Rubinius is an implementation of the Ruby language spec. I’ve been using it recently for a project, and I’ve been liking it so far. Here’s a few thoughts I’ve been having while using it.

Philosophy

The Core

Rubinius, in its core, is written in C++ and uses LLVM (Low Level Virtual Machine). Without getting too technical, it translates the Ruby code that you write into efficient machine code, then executes the machine code directly on the CPU. This architecture is very similar to Google’s V8 (and one of the reasons that Google Chrome is a fast browser).

The Concept

Now for the concept of “Ruby”. “Ruby” is a programming language specification, not a program or compiler. The standard reference implementation is called MRI (Matz’s Ruby Interpreter, not magnetic resonance imaging). MRI is used in many production environments, and especially with the latest 2.0.0 release, introduces many performance improvements, and is very stable (all of our new Rails apps are on 2.0.0).

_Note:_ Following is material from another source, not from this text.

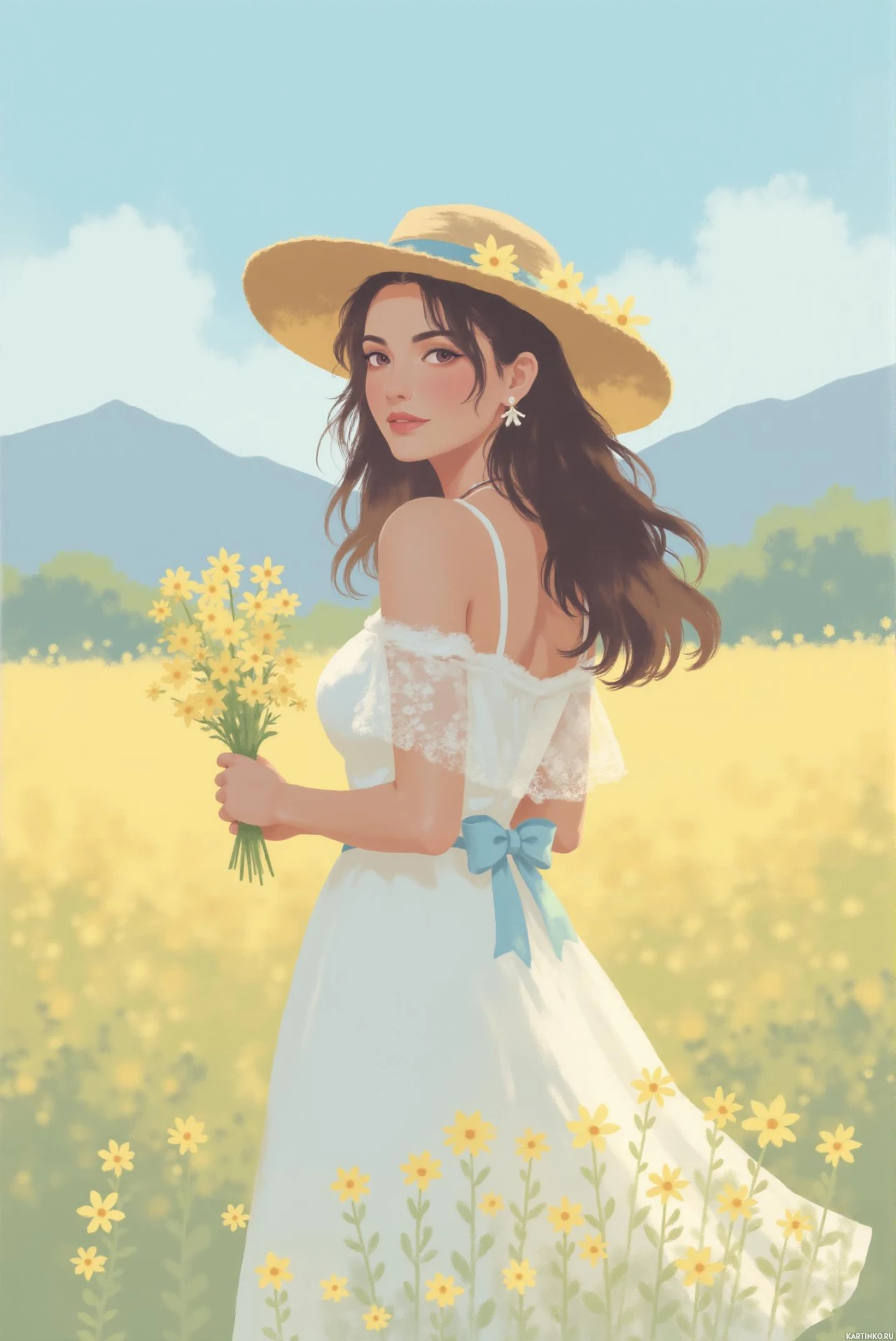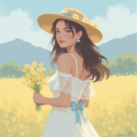 white dress that flows elegantly around her ankles, complemented by a stylish wide-brimmed hat adorned with daisies on the band. As she turns to face the viewer from behind, her long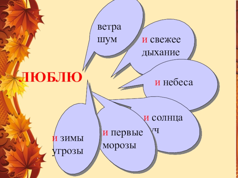 ЛЮБЛЮи свежее дыханиеи небесаи солнца лучи первые морозыи зимы угрозыветра шум

MRI is written mostly in C.

Rubinius’ tagline “Rubinius: Use Ruby™” summarizes the intent of Rubinius. Use Ruby! Because the Rubinius core is as fast as it is, and Ruby code is basically machine code (from the computer’s standpoint), standard libraries – the basic functions of the language – can be written in Ruby. Use Ruby!!

Speed

In development, Rubinius seems to be a little slower than MRI – especially in the first load. Rails is a big library.

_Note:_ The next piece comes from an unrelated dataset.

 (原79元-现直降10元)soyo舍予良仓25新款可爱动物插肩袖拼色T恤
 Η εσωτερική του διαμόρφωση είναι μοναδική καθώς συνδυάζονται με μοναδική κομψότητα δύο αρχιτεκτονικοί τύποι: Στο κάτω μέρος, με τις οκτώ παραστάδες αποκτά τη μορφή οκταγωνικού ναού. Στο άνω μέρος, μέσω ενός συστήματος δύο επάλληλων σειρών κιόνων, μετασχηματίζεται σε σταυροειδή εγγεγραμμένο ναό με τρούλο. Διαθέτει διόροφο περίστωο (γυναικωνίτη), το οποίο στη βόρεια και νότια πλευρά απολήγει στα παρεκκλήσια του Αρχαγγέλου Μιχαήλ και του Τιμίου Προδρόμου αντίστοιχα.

In production, especially with a threaded app server (Rubinius has no “Global Interpreter Lock” and supports real threads), however, Rubinius is extremely fast. I’ve been using Puma.

You do need to write thread-safe code, but the payoffs are enormous.

Conclusion

This little project I’m working on will probably not see a “real production” environment anytime soon, so I really wanted to try out some alternative Rubies (there are a few). All in all, my experience with Rubinius has been very good. Can’t wait for the production release of Rubinius!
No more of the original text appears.